I’ve thought about soulmates a lot over the years. I’ve never truly believed that there is that ONE person out there in the world for you and once you meet them, you both will know instantly that the other is “the one”, fall madly in love, get married and live happily ever after.
First of all -there’s logic. Logically, that’s completely unrealistic due to a bunch of factors such as GEOGRAPHY. What if my soulmate was born in South Korea and never leaves? And I never go there? We are destined to die alone? I don’t think so. What I do believe in, when it comes to romantic relationships, is you find someone you’re compatible with – you “click” in a sense”, then you build upon that relationship. Maybe you fall in love and decide that hey, I want to spend the rest of my life with this person.
I want him to be the father of my children. To grow old with me, to love me when I’m wrinkled and grey. That is a choice that two people make. They choose to be with each other and then it takes work to maintain that loving relationship. Sometimes it does last forever, sometimes it doesn’t. It’s always a risk. That being said, I know that I will never find a soulmate because I actually already have a couple of them.
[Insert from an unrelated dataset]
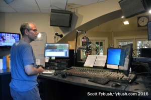From there, a door leads into the main studio complex, which consists of a talent area set down a few steps from the control console at the back of the room. This showcase studio was just wrapping up Bill Cody’s morning show when we stopped by; that’s Cody’s morning sidekick Charlie Mattos at the board across from Bill.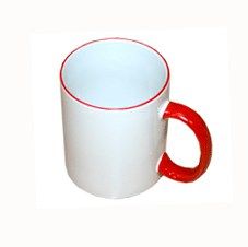 Кружка под сублимацию для нанесения логотипов, изображений, фотографий методом термопереноса (термотрансфера) белая с красной ручкой и ободком. Диаметр 80 мм, высота 95 мм. Заказ кратно упаковке 36 шт. Вес 13,5 кг. None

They’re the only soulmates I’ll ever need. They know exactly who I am and love me unconditionally, as I do them. We’ve stayed up all night talking for hours, laughed ourselves to tears, fought like hell, and always have each others’ backs. They’re my sisters. I was lucky enough to be born with an older sister and given a younger sister 9 years later. Are we perfect? No. Do we always get along? No. But deep down we always know we’ll be there for each other, no matter what.
I would drop anything instantly to go be with my sisters if they needed me and I know they’d do the same. The love we have is so deep. I’m not going to chalk it up just to family or “blood” as I know many people don’t get along with their families and find families amongst others such as friends, S.O., etc.
However for me, I’ve nurtured the relationships I have with each of my sisters and I can confidently say that they are both my soulmates. I do hope to find that love with someone whom I can grow old with, have children and watch our grandchildren grow old together. I crave that kind of companionship and I have great optimism that it will happen for me.
But it’s only a possibility, whereas my sisters are my real happily ever after.